Job done in Santa Clara
After stunning Turkey in their opening match and then falling to co-hosts the United States, Australia entered the final Group D fixture with the margins tight and the stakes obvious. Lose, and the work against Turkey risked being wasted. Draw, and the door to the knockout rounds stayed open.
They chose the sensible path.
It was not a spectacle. The match rarely caught fire, and neither team truly tore away from the handbrake. Paraguay were content to manage the situation; Australia were intent on managing their destiny. The result: a stalemate that felt calculated rather than accidental.
Popovic’s side finished as runners-up in Group D and now head into the last 32, where they will face the second-placed team from Group G at the air-conditioned home of the Dallas Cowboys on July 3. Their next opponent will come from Egypt, Iran, Belgium or regional rivals New Zealand, with that group still to be settled.
For a young Australian squad, just being in that conversation is a statement in itself.
Popovic’s belief in youth
Popovic doubled down on his faith in emerging talent, naming a youthful side and asking them to navigate the kind of tense, cagey fixture that can expose inexperience. They did not blink.

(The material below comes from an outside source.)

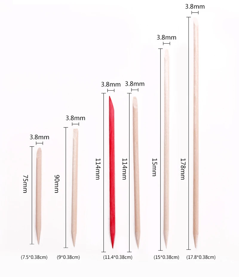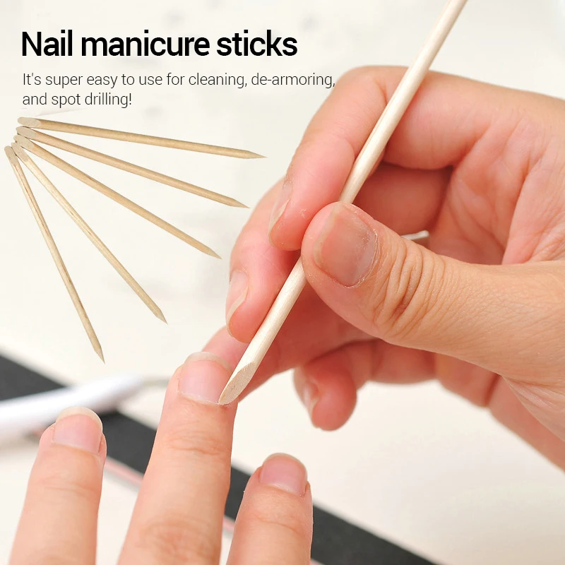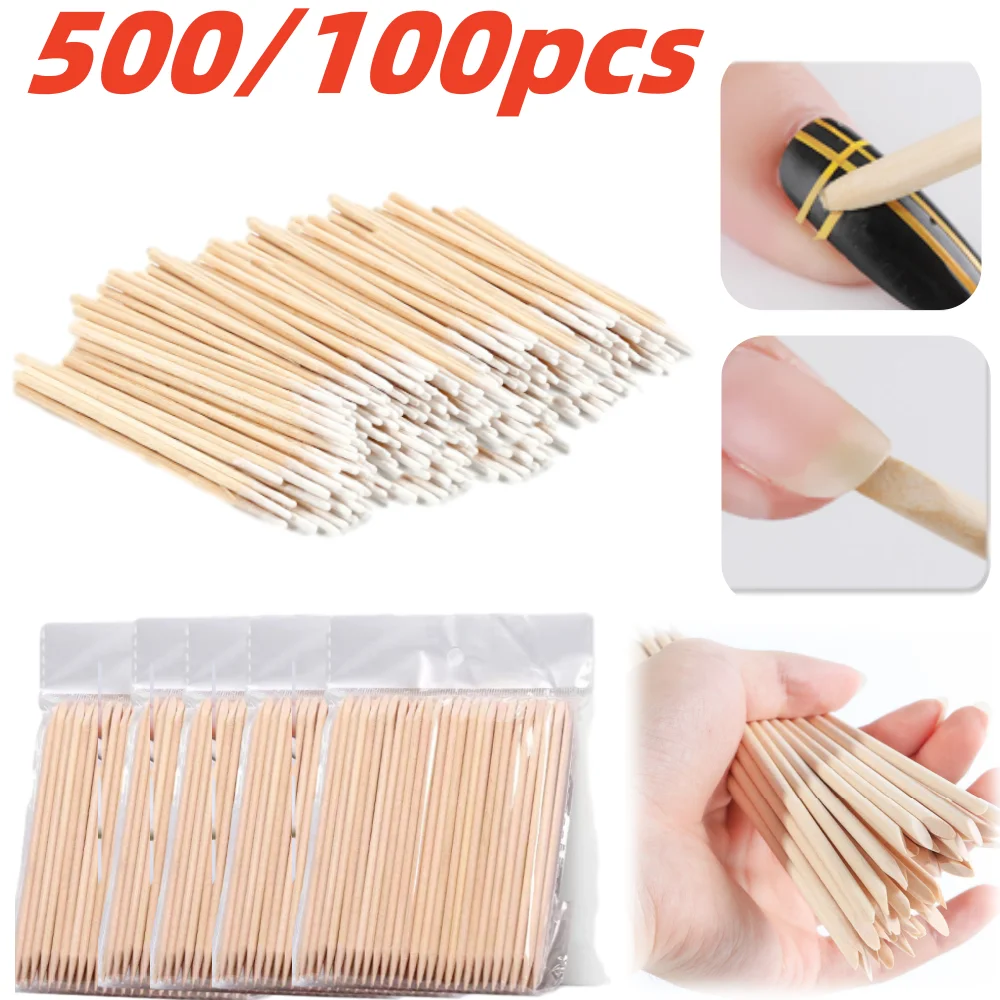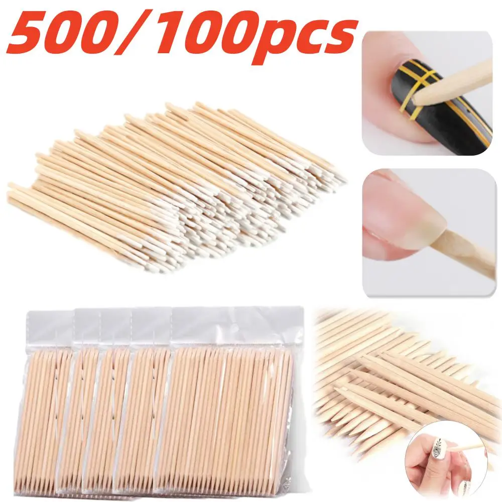 Empujador para decoración de uñas, palitos de madera naranja, removedor de cutículas, diamantes de imitación, eliminación de puntos, juego de cuidado de manicura y pedicura, 500/100 Uds.

"I'd like to think that we dominated the game in a crucial World Cup qualifier with a very young squad in the third match when everything's on the line," Popovic said afterwards, pointing to the composure and patience his players showed when a single mistake could have undone the campaign.
The former Crystal Palace defender reserved his warmest praise for 18-year-old Lucas Herrington, who has rapidly become one of the stories of Australia’s tournament.
The central defender, already Australia’s youngest starter at a men’s World Cup, delivered another assured performance in northern California. Linked with a move to Barcelona and already playing in Major League Soccer, Herrington carried the responsibility of a veteran and the energy of a teenager.
"He is a special talent," Popovic said, stressing that the teenager was never in the squad to simply fill a seat. "It's why he was selected in the squad, not to just make up the numbers, and again entrusted this talented young man in the most important game of the three."
Herrington had been left out against the United States, a decision that clearly stung him.
"He was ready to play. He's probably frustrated he didn't get minutes against the US, which I love to see," Popovic admitted. "Today he was outstanding."
On a night short of drama, that was the standout storyline: a young defender growing into the shirt on the biggest stage.
A week to breathe, and then Dallas
Australia now have something rare in a tournament: time. A full week to reset, heal and sharpen before stepping into the cavernous home of the Dallas Cowboys for a last-32 tie that will define their North American adventure.
"We're delighted to have this break," Popovic said. The plan, he explained, is already mapped out: use the days to ensure every fit player is ready to deliver one more “big performance” that might push Australia even deeper into the knockout rounds.
The group stage has already claimed several heavyweight casualties, a fact not lost on Popovic. "It's a special day, we've seen already how many big nations have not gone through," he reflected, fully aware that survival alone is an achievement in this tournament.
Now comes the harder question. With the safety net gone and the margins even finer, can this young, resilient Australian side turn a tidy, necessary 0-0 in Santa Clara into something truly special under the lights in Dallas?